Wednesday, February 13, 2013

Sympathetic Realism in Nineteenth-Century British Fiction

By Rae Greiner
Indiana University

Baltimore: Johns Hopkins University Press, 2012

This book proposes a new model for understanding the “sympathetic realism” of the nineteenth-century realists. Sympathetic Realism reads fictional works by novelists such as Jane Austen, Charles Dickens, George Eliot, Joseph Conrad, and Henry James, as well as philosophical and historical writings by authors such as Jeremy Bentham, in order to demonstrate the ways in which the protocols of sympathetic imagining, developed (especially) by Adam Smith in The Theory of Moral Sentiments (1759), are at work in the forms, rather than simply in the contents, of these works. Such a sympathy does more than foster emotional identification with others. It provides a way of thinking “along with” them. By abstracting feeling away from its origins, by turning feelings into figures of speech, sympathy enables much more than emotional sharing, for it need not involve feeling at all. Sympathy’s most important contribution is not one-to-one emotional matching but instead a more mundane, more ordinary sense of comfortable, proximate agreement with others, a shared mentality or state of mind. Thus its most profound effect: sympathy produces realism. It is the cognitive process enabling us to experience a world held in common with others, to feel confident that our perceptions are theirs.   

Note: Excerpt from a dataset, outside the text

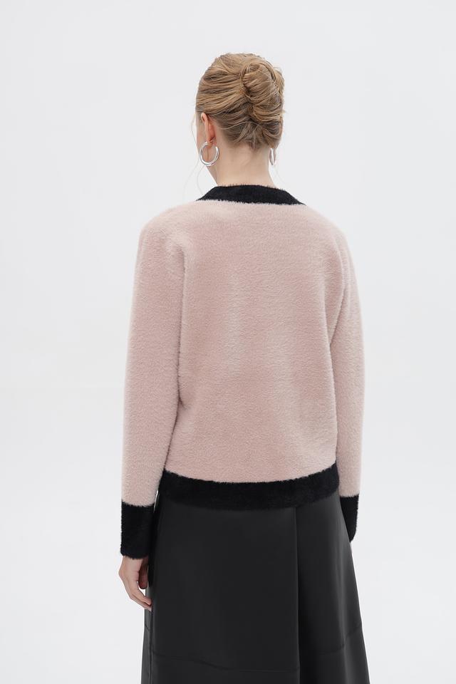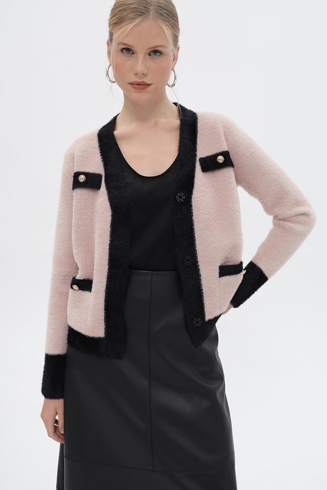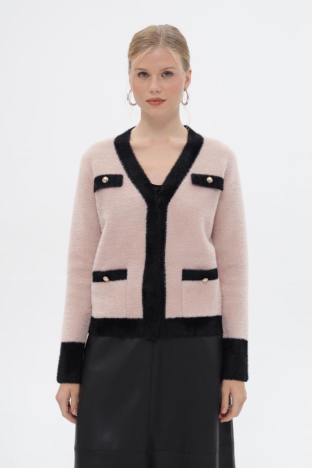 Женский жакет Passioni выполнен в нежном розовом цвете с контрастной чёрной отделкой по краю, горловине и планкам. Модель имеет V-образный вырез и застегивается на декоративные пуговицы золотистого цвета.

Sympathetic Realism revises standard accounts of sympathy and realism. It considers sympathy as a way of thinking, an imaginative operation. Sympathy is neither an emotion in its own right nor an activity in which feeling necessarily results, but is instead the imaginative process through which the real is substantiated.  Neither sympathy nor the sympathetic realism of the novelists and writers in question stakes a claim on transparency. The sympathetic realism operating in their works functions as a means of provisional understanding, aware that we neither have nor should desire unencumbered access to other minds. Critics who describe realism as a “habit of mind,” and who define nineteenth-century literary realism in particular as an historicizing mode, thus describe what sympathetic realism feels like for readers and for (some) characters alike: as a way of inhabiting the mindsets out of which arise a sense of historical reality, a collective confidence in shared human sentiments and beliefs.